The researchers used a mental health assessment score that counted “poor mental health days” among Black and white Americans. They found that with each additional police killing of an unarmed Black American, Black respondents were more likely to report additional “poor mental health days.”
This likelihood was reflected in “0.14 additional poor mental health days” for each killing among Black American respondents.
By contrast, “Mental health impacts were not observed among white respondents and resulted only from police killings of unarmed [B]lack Americans (not unarmed white Americans or armed [B]lack Americans).”
The authors concluded:
“Police killings of unarmed [B]lack Americans have adverse effects on mental health among [B]lack American adults in the general population. Programs should be implemented to decrease the frequency of police killings and to mitigate adverse mental health effects within communities when such killings do occur.”
In an exclusive interview for MNT, sociologist and health disparities expert Prof. John Eason referred to police violence as a situation where public “safety” becomes “detrimental” to public health.
This occurs “[w]hen the police are killing [B]lack people at the rate they do [and] when police interactions cause you to feel wholly unsafe,” said Prof.
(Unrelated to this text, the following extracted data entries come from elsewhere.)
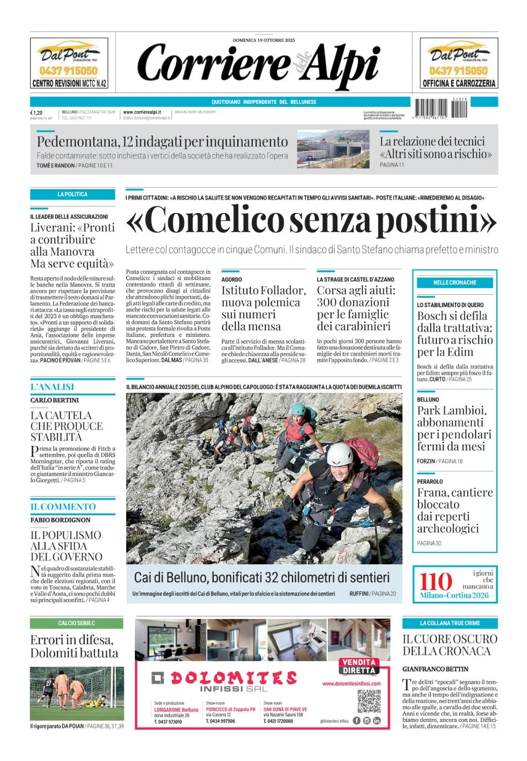 Corriere delle Alpi - 19 Ottobre 2025
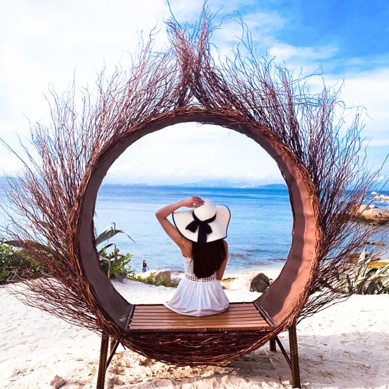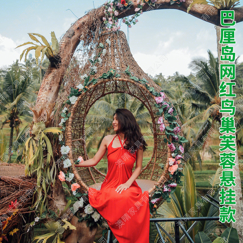 网红鸟巢户外打卡秋千藤编吊椅巴厘岛景区民宿婚纱拍摄藤艺吊篮
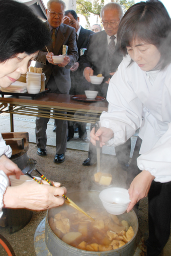 義士の命日に大石神社で振る舞われた“厄除け大根”
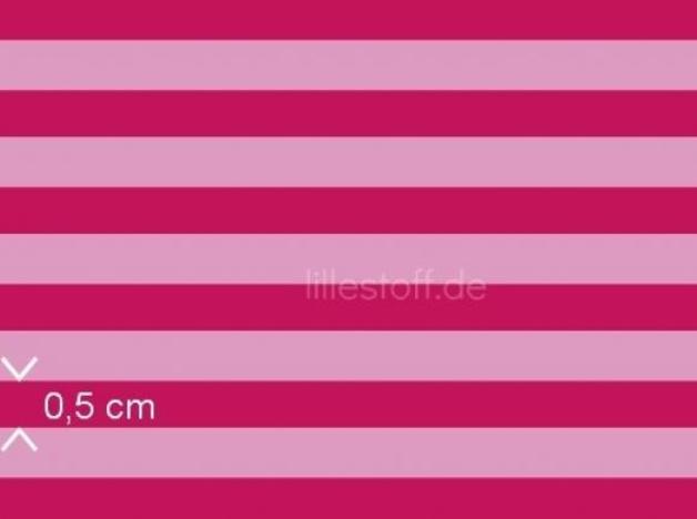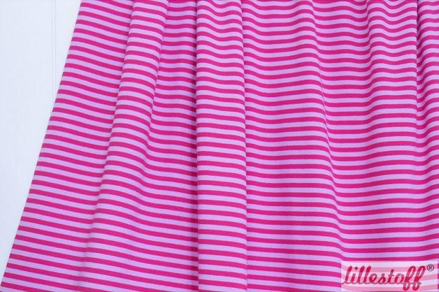 Hier biete ich Euch einen absolut traumhaften Ringeljersey der Firma Lillestoff in rosa/himbeer an. Dieser Jersey ist ein perfekter Kombinationspartner zu vielen gemusterten Stoffen.
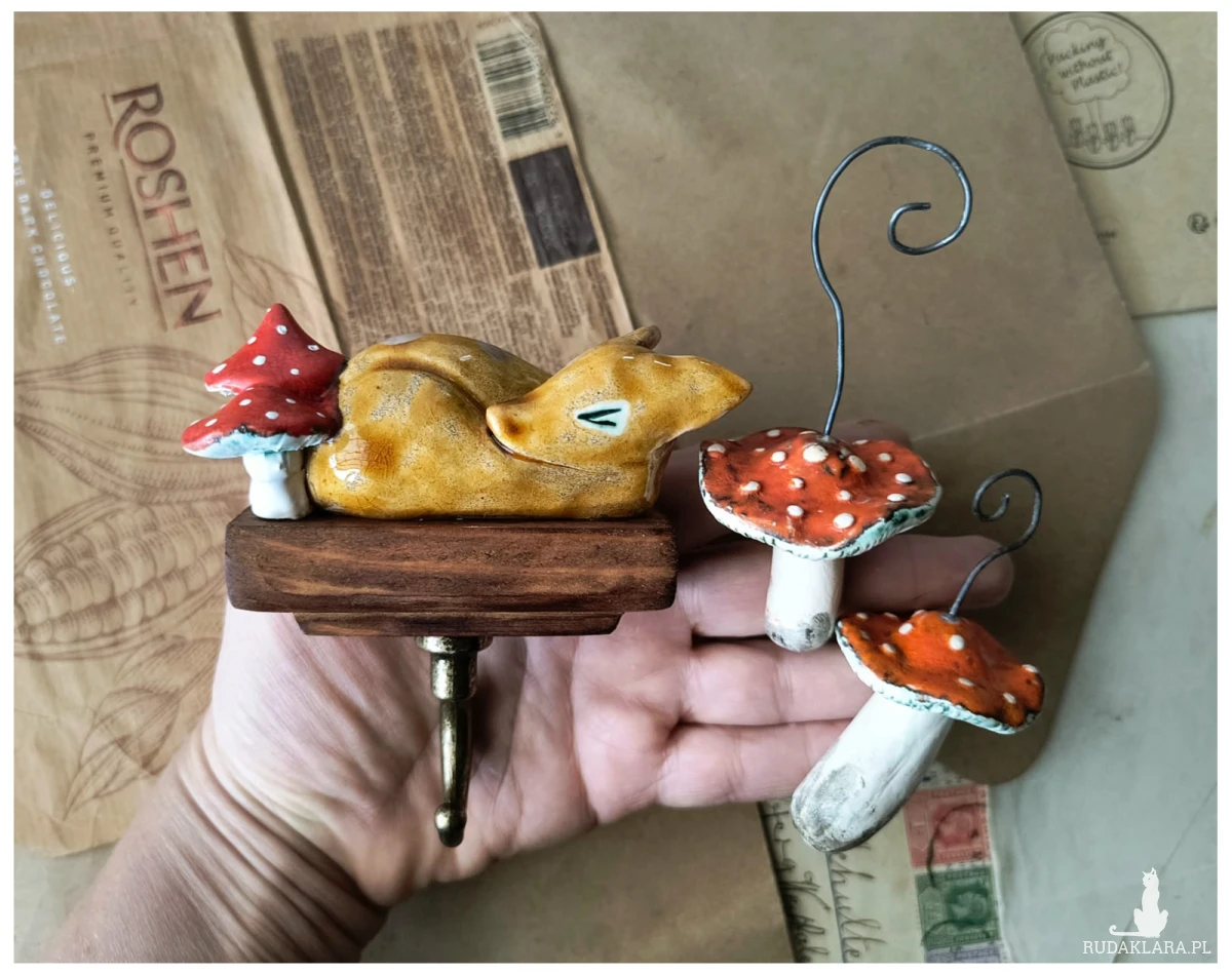 Zestaw złożony z wieszaczka o dł. 7 cm z motywem leśnym - śpiącej sarenki oraz 2 muchomorków zawieszek wielkości ok 3,5 cm x 5 cm bez zaczepu. Polecam serdecznie jako ozdoby do pokoju dziecięcego.
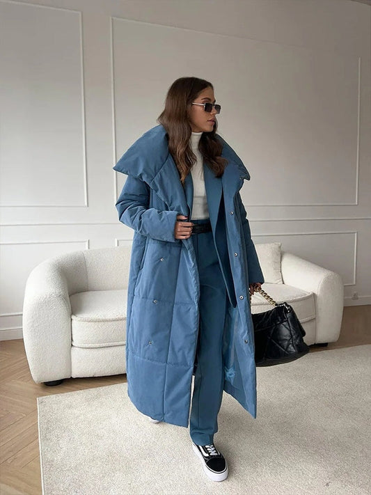 Marjolaine Parka Jas Dames | Winterjas Met Riem | Gewatteerde Herfstjas Vrouw Blauw

Eason, emphasizing the adverse effects that such interactions have on health.
“Some groups of people now have higher hypertension and higher stress because they deal with the police more, not just through driving while [being] [B]lack or brown, they also deal with aggressive policing. So it’s not only whether or not you deal with the police, it’s the type of police you deal with.”
“So the police are hostile, and not just mean or angry yelling at you, they’re cursing you out and threatening you and imposing physical violence on you and even killing you. [W]e care about these murders, the murder of George Floyd was tragic,” Prof. Eason told MNT.
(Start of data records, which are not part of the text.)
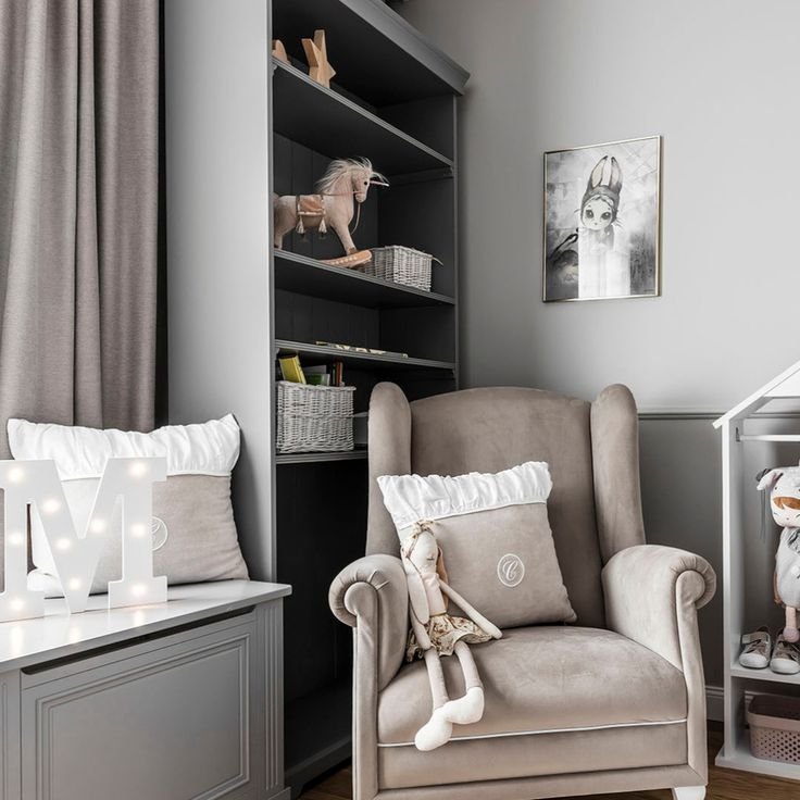A large, very comfortable armchair, 'eared' type, made of high-quality washable textile in chilly, stony beige colour. The armchair is decorated with grey corded trim and exclusive emblem with 'C' letter. Our feeding armchair will be appreciated by every nursing mother, because of its 'ears' and a high back. Moreover, it will enrich every interior- child room, living room and others.
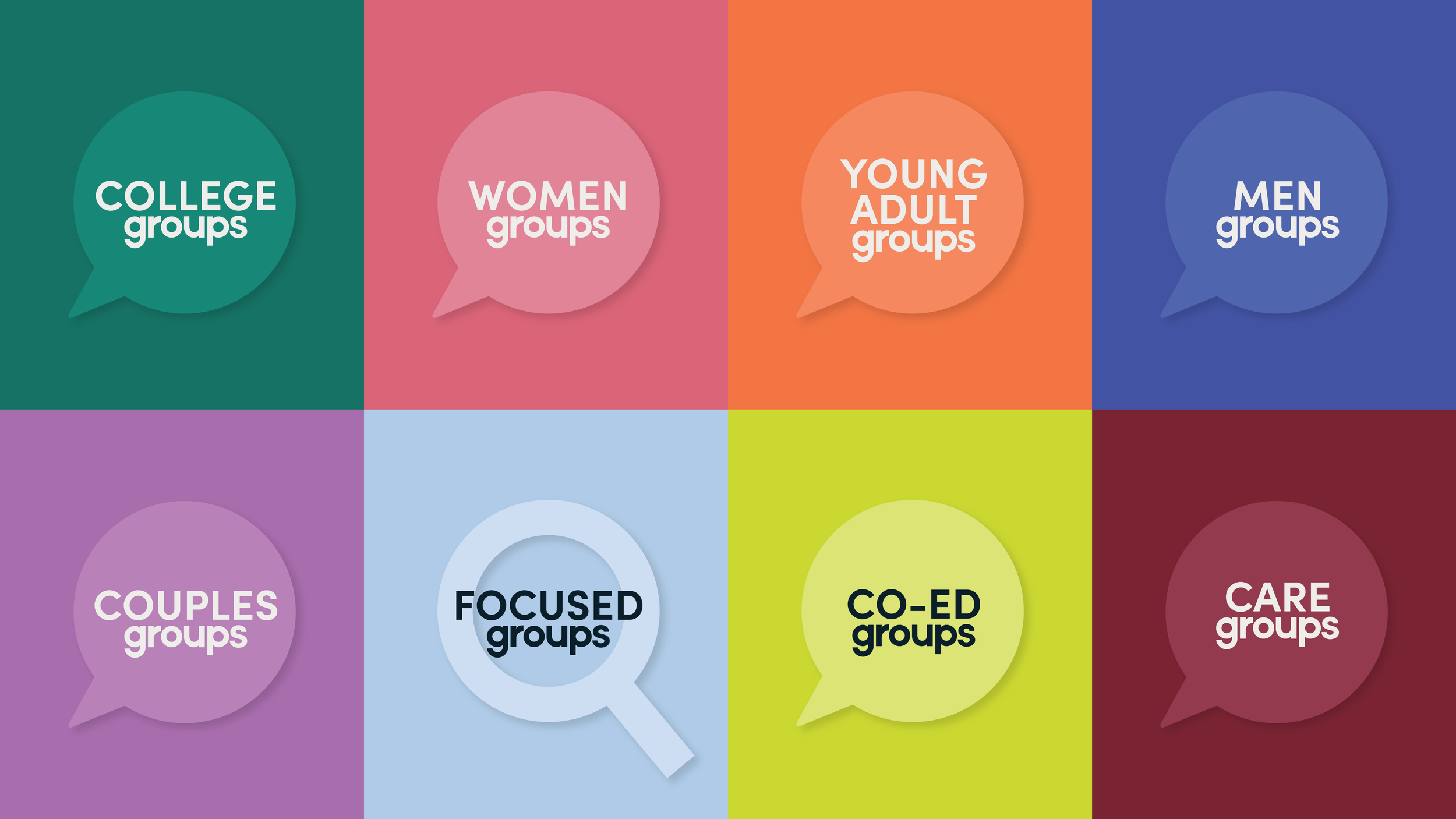 As the Senior Designer, my mission was to enliven the brand with an inviting identity and plenty of color. The new logo, featuring speech bubbles, balances fun and intentionality, perfectly capturing the theme of communication in small groups. I also created a broad color palette, which was a creative challenge, but it was crucial for differentiating the many types of groups while maintaining a cohesive feel.
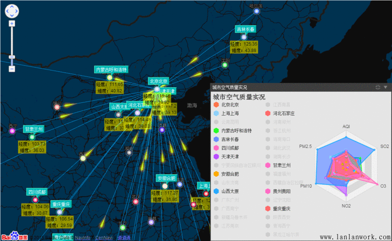 HT 的拓撲圖的節點位置都是邏輯坐標,并非 GIS 的地理信息經緯度坐標,但這并不妨礙 HT 的拓撲圖可以和百度地圖、GoogleMap、OpenLayers 等第三方 GIS 地圖引擎進行整合呈現,參見《百度地圖、ECharts整合HT for Web網絡拓撲圖應用》,該文將 HT 拓撲圖、百度地圖、ECharts、HT 連線流動和面板等插件做了個綜合的呈現展示效果:http://www.hightopo.com/demo/...

“But in that same week where George Floyd was killed,” he continued, “there’s Amy calling the police on a [B]lack birder, [so] you can have random white people calling the police on you, acting as an agent of the state, to impose physical violence on you.”
“Public safety and public health are often at odds in this country,” Prof. Eason stated, adding that education or a higher socioeconomic status does not protect Black Americans from these daily stressors.
“The [B]lack birder went to Harvard,” he said. “A Harvard degree doesn’t protect you from the arm of the state if a white person calls the police on you.”
Speaking of his own situation as well as that of his colleagues at the University of Wisconsin-Madison, he said, “[W]e’re not living in a highly policed, heavily disadvantaged neighborhood.”
“We’re professors at a [major] university, and we felt no less safe the day before George Floyd was murdered than the day after. This is a reality for [B]lack people in America.”